Survival Analysis of Genome-Wide Gene Expression Profiles of Prostate Cancers Identifies New Prognostic Targets of Disease Relapse1 ,,2

Susan M. Henshall, Daniel E. H. Afar3, Jordan Hiller3, Lisa G. Horvath, David I. Quinn, Krishan K. Rasiah, Kurt Gish3, Dorian Willhite, James G. Kench, Margaret Gardiner-Garden, Phillip D. Stricker, Howard I. Scher, John J. Grygiel, David B. Agus, David H. Mack and Robert L. Sutherland4

Cancer Research Program, Garvan Institute of Medical Research, St. Vincent’s Hospital, Darlinghurst, Sydney, New South Wales 2010, Australia [S. M. H., L. G. H., D. I. Q., K. K. R., J. G. K., M. G-G., R. L. S.]; Genomics Research, Eos Biotechnology, South San Francisco, California [D. E. H. A., J. H., K. G., D. W., D. H. M.]; Department of Medical Oncology (J. J. G.), and Department of Urology, St. Vincent’s Hospital, Darlinghurst, Sydney, New South Wales 2010, Australia [P. D. S.]; Cedars-Sinai Prostate Cancer Center, Los Angeles, California [D. B. A.]; and Genitourinary Oncology Service, Memorial Sloan-Kettering Cancer Center, New York, New York [H. S.]
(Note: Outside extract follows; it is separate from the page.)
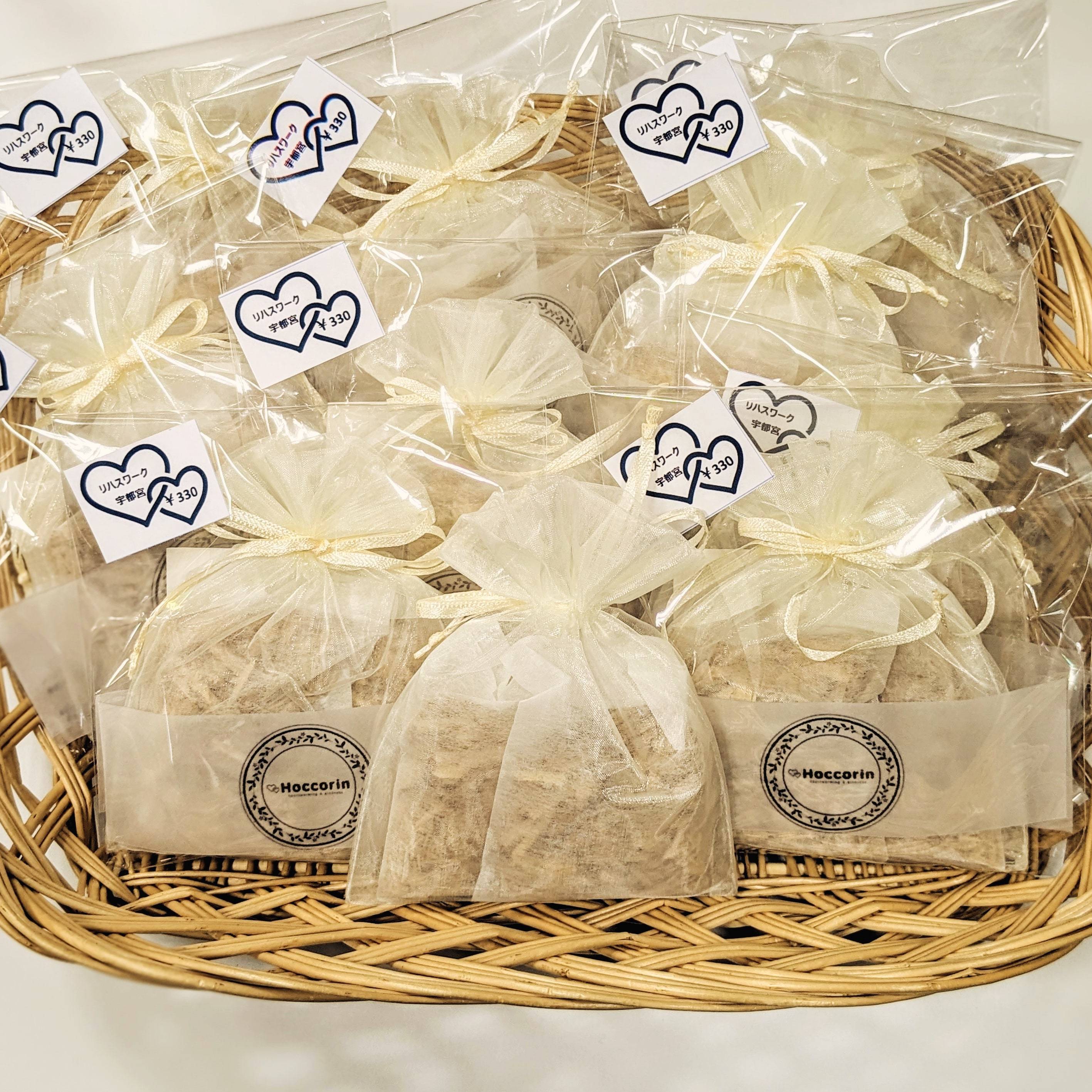 - 手提げバッグ,コースター,石鹸等の障がい者支援施設において製作された日用品

Current models of prostate cancer classification are poor at distinguishing between tumors that have similar histopathological features but vary in clinical course and outcome. Here, we applied classical survival analysis to genome-wide gene expression profiles of prostate cancers and preoperative prostate-specific antigen (PSA) levels from each patient, to identify prognostic markers of disease relapse that provide additional predictive value relative to PSA concentration. Three of ~200 probesets showing strongest correlation with relapse were identified as the gene for the putative calcium channel protein, trp-p8, with loss of trp-p8 mRNA expression associated with a significantly shorter time to PSA relapse-free survival. We observed subsequently that trp-p8 is lost in the transition to androgen independence in a prostate cancer xenograft model and in prostate cancer tissue from patients treated preoperatively with antiandrogen therapy, suggesting that trp-p8 is androgen regulated, and its loss may be associated with more advanced disease. The identification of trp-p8 and other proteins implicated in the phosphatidylinositol signal transduction pathway that are associated with prostate cancer outcome, both here and in other published work, suggests an integral role for this pathway in prostate carcinogenesis. Thus, our findings demonstrate that multivariable survival analysis can be applied to gene expression profiles of prostate cancers with censored follow-up data and used to identify molecular markers of prostate cancer relapse with strong predictive power and relevance to the etiology of this disease.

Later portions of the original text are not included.